TASK STATEMENT: When you write out the listing below, keep each word exactly as it stands and drop the pictures.

DATA BELOW:
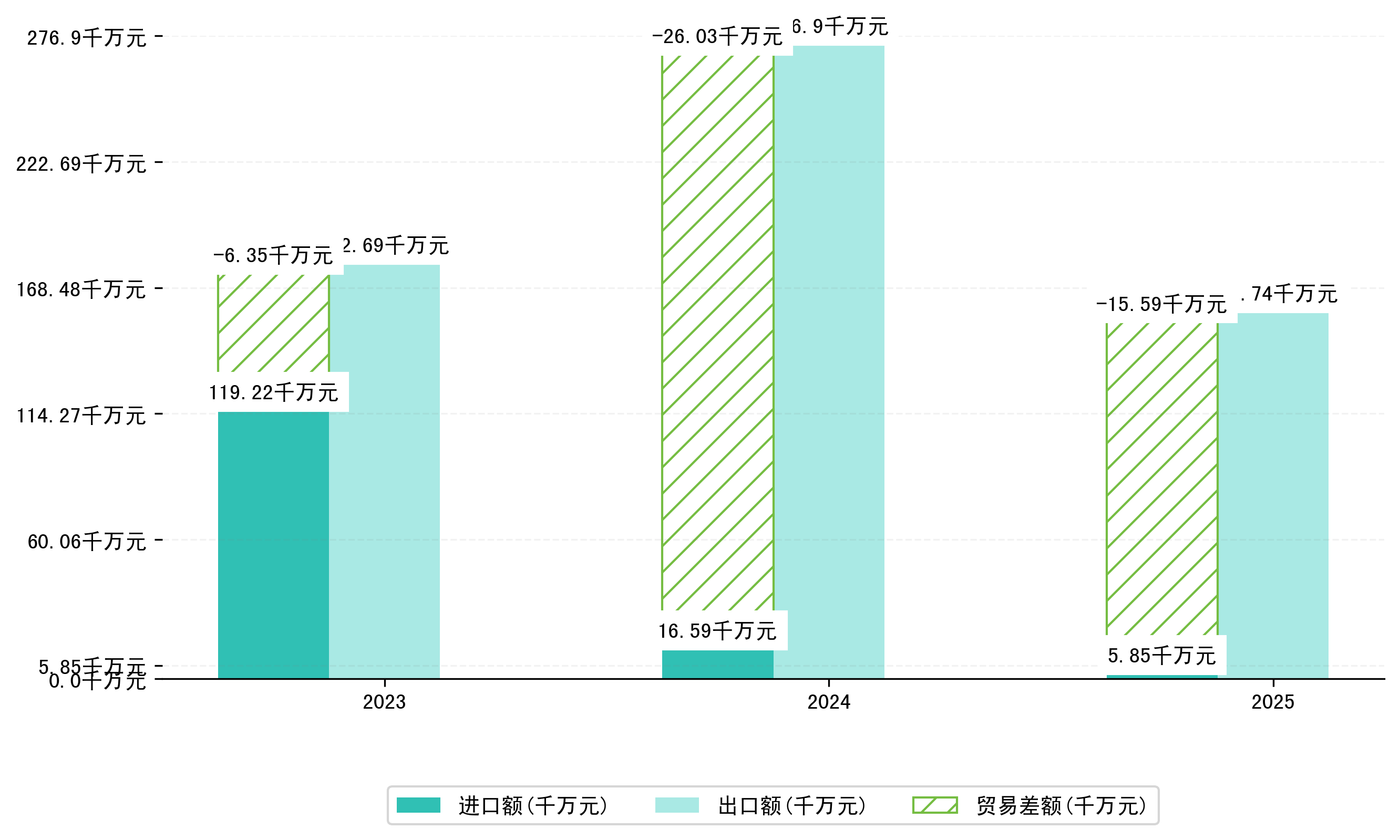以美元计,2025年1-3月宝鸡市进出口总额为2,3331.3082万美元,相比上年同期减少了1,7968.2146万美元,同比减少-42.80%。
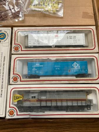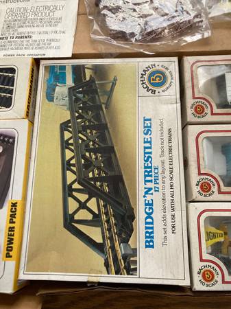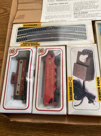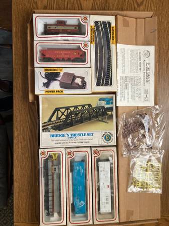 Must take will not sell separately. Never used in boxes. 8 pieces. Bridge and trestle. HD Simplimatic plug in wiring. HD & N power pack. Caboose 43-1007-G4. Hooper 43-1006-K4. Box car...
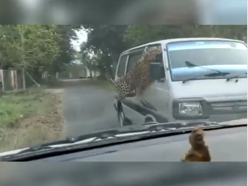 Σε βίντεο που κατέγραψαν δασικοί υπάλληλοι, η λεοπάρδαλη εθεάθη να επιτίθεται σε βανάκι που μετέφερε προσωπικό και στη συνέχεια σε ένα φορτηγό με πολίτες.

ANSWER TO THIS TASK:
以美元计,2025年1-3月宝鸡市进出口总额为2,3331.3082万美元,相比上年同期减少了1,7968.2146万美元,同比减少-42.80%。
 Must take will not sell separately. Never used in boxes. 8 pieces. Bridge and trestle. HD Simplimatic plug in wiring. HD & N power pack. Caboose 43-1007-G4. Hooper 43-1006-K4. Box car...
 Σε βίντεο που κατέγραψαν δασικοί υπάλληλοι, η λεοπάρδαλη εθεάθη να επιτίθεται σε βανάκι που μετέφερε προσωπικό και στη συνέχεια σε ένα φορτηγό με πολίτες.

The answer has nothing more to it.